## [Task]
Output exactly the lines of the listing below that run from the line with "A model of the" through the line with "Elegantní smuteční kytice". No pictures.

## [Given records]
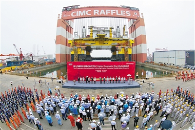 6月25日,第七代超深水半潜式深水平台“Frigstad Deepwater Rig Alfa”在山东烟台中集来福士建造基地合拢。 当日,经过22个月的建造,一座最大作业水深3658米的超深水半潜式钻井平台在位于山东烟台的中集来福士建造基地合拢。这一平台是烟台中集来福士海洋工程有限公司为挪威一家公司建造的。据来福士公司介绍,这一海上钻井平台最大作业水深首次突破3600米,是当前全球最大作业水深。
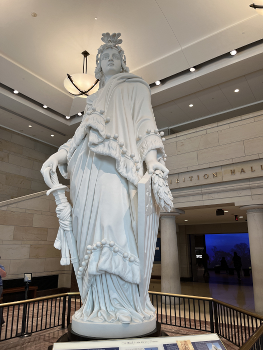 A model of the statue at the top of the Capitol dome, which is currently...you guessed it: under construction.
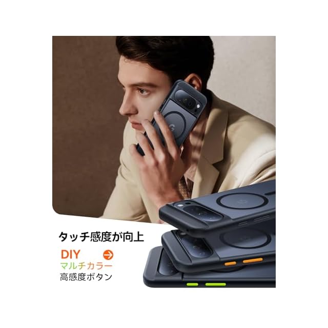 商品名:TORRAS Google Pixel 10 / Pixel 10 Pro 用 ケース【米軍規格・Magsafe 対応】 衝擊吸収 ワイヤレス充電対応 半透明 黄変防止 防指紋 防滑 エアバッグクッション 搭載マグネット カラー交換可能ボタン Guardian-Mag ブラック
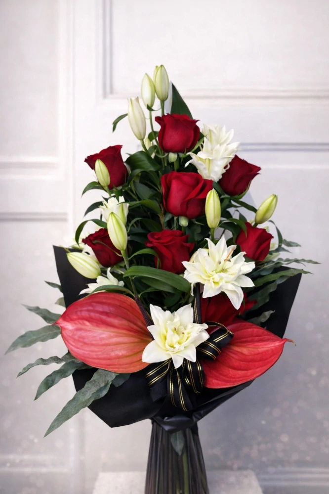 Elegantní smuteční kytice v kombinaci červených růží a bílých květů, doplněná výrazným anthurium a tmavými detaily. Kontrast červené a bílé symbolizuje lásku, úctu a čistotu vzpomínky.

* * *

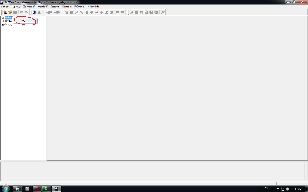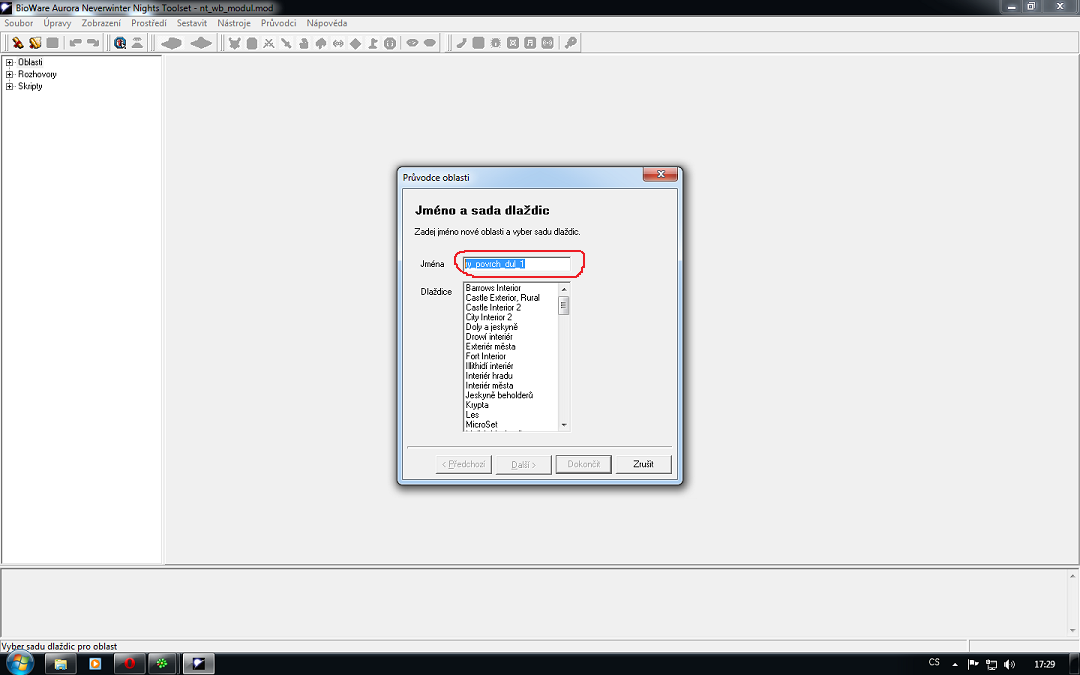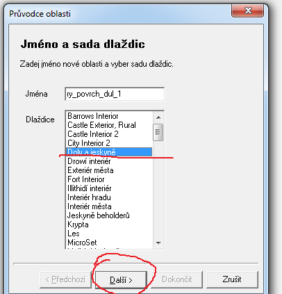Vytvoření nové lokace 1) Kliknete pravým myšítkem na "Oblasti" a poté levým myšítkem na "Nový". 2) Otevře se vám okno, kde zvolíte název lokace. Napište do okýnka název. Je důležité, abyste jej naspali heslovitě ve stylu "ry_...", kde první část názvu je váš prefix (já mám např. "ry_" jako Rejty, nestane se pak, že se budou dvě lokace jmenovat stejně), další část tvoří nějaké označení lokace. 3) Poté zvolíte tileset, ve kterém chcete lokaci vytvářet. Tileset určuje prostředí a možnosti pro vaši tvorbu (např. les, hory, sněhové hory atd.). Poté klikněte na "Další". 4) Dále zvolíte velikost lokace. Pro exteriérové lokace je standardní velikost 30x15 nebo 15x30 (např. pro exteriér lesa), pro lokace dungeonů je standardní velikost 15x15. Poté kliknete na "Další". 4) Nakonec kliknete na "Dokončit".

* * *

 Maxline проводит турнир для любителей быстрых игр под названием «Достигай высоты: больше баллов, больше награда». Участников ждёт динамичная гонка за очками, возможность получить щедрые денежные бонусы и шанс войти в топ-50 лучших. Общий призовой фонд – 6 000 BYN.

## [Task result]
 A model of the statue at the top of the Capitol dome, which is currently...you guessed it: under construction.
 商品名:TORRAS Google Pixel 10 / Pixel 10 Pro 用 ケース【米軍規格・Magsafe 対応】 衝擊吸収 ワイヤレス充電対応 半透明 黄変防止 防指紋 防滑 エアバッグクッション 搭載マグネット カラー交換可能ボタン Guardian-Mag ブラック
 Elegantní smuteční kytice v kombinaci červených růží a bílých květů, doplněná výrazným anthurium a tmavými detaily. Kontrast červené a bílé symbolizuje lásku, úctu a čistotu vzpomínky.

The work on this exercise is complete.